Rebuilding cities in the aftermath of crisis offers existing elites the chance to restore and impose the designs and institutions that brought their crisis in the first place. Nonetheless, there are other design and political prospects.
Ultimately the shape of the cities we reconstruct both after storms like Sandy and — better yet — to mitigate the effects of such future storms — will depend on the coalitions that are built. Mainstream corporate forces could see a commuter rail as an instrument primarily of suburban real estate development. Or a right wing populist coalition could treat transit, bike lanes, and walking paths as well as the immigrants who use such systems as obstacles to the car. Atlanta Braves relief pitcher John Rocker once achieved considerable notoriety when, asked if he would like playing in New York City, responded: “Imagine having to take the 7 Train to the ballpark looking like you’re riding through Beirut next to some kid with purple hair, next to some queer with AIDS, right next to some dude who just got out of jail for the fourth time, right next to some 20-year-old mom with four kids. It’s depressing... The biggest thing I don’t like about New York are the foreigners.”
Against this vision, York University’s Stefan Kipfer argues for the social and ecological benefits of broader democratic coalitions: “To win out against the real, if contradictory pleasures of our car culture, transit has to offer an exciting way of experiencing urban life. The beast so central to capitalism as we know it, “homo automotivis” … will only die out with a renewed transit culture: being together with others in anonymity and encountering fellow inhabitants not simply through kinship and self-selected sub-cultures but through the unexpected encounters of urban living. Fostering such an exuberant – curious, open, and generous – public culture of being “in solitude without isolation” will require that many of us relearn the capacity to live outside privatized, atomized and sanitized environments. This is not impossible. A recent survey by the Pembina Institute reveals that most Greater Toronto Area residents would happily trade their cars and bungalows for walking, transit and denser living arrangements if they could afford it. After decades of worsening congestion and ‘world-class’ commuting delays, Torontonians seem to have become more intolerant of car-led sprawl and more receptive to more open and public forms of urban life. This makes it possible to think of a transit culture beyond the central city spaces where transit is already a fact of life for the majority of inhabitants. If not from personal experience, we know promising elements of living in large cities from movies, literature, and music: the syncopated rhythms of street life and mass transit, the promise of independence from domestic life, the excitement of bustling crowds, the bouts of unexpected camaraderie among strangers.”
Such generous, exploratory sentiments cannot be assumed, as John Rocker’s hateful diatribe illustrates. Yet there are members of different ethnicities who value diversity and are willing to experiment with emerging styles of dress, food, urban design and other dimensions of the complex human experience. Their instincts can be cultivated and encouraged. Progressives from different ethical and political backgrounds can gain from and aid this process by presenting the contrasting secular and religious roots of their social justice commitments while acknowledging the gaps and limits of their own fundamental beliefs. Success in promoting an egalitarian agenda depends on but also encourages greater openness to difference. When transit expansion is part of a broader full employment politics, the greater economic security thus assured can create a climate less hospitable to exclusionary identities and rigid ideologies.
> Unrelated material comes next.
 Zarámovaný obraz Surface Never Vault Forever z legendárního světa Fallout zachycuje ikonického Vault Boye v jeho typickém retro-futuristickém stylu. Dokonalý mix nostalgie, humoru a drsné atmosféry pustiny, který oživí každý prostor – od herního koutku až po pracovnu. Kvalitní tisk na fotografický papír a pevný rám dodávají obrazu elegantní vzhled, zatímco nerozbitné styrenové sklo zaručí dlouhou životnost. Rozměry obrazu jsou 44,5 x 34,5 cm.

Such achievements are never final. Coalitions on behalf of a fundamental right to mobility can be expected to germinate new challenges and visions. Nonetheless, arguably the receptivity to change and difference Kipfer so eloquently describes can and has been cultivated, and such cultivation is essential to the politics of transit.
Discontent with the solipsistic, time consuming culture of the automobile is no longer limited to residents of a highly cosmopolitan city like Toronto. Even the world’s most caraholic culture is shifting. Bill McKibben recently pointed to a poll conducted by the Natural Resources Defense Council that “suggests that [public transit] would be popular with the public, 59 percent of whom believe that the US transportation system is “outdated, unreliable and inefficient.” Americans also want to be less dependent on cars. Today, 55 percent prefer to drive less, but 74% say they have no choice, and 58% would like to use public transportation more often, but it is not convenient or available from their home or work.”
Osterwell wonders: “What would cities look like with bikes, buses and even subways truly run by their citizens? For now, the question is pie-in-the-sky, but public transit truly run by the public and for the public would make cities more equitable, more green and less prone to temperamental whims — of market forces and politicians alike. If we start imagining and building these systems today, we can start building the cities we’d like to see in the future.”
Ultimately sustainable public transit systems require creating or revitalizing public space and thus democracy itself. A more vibrant democracy can help shape systems that in turn strengthen our democratic commitments.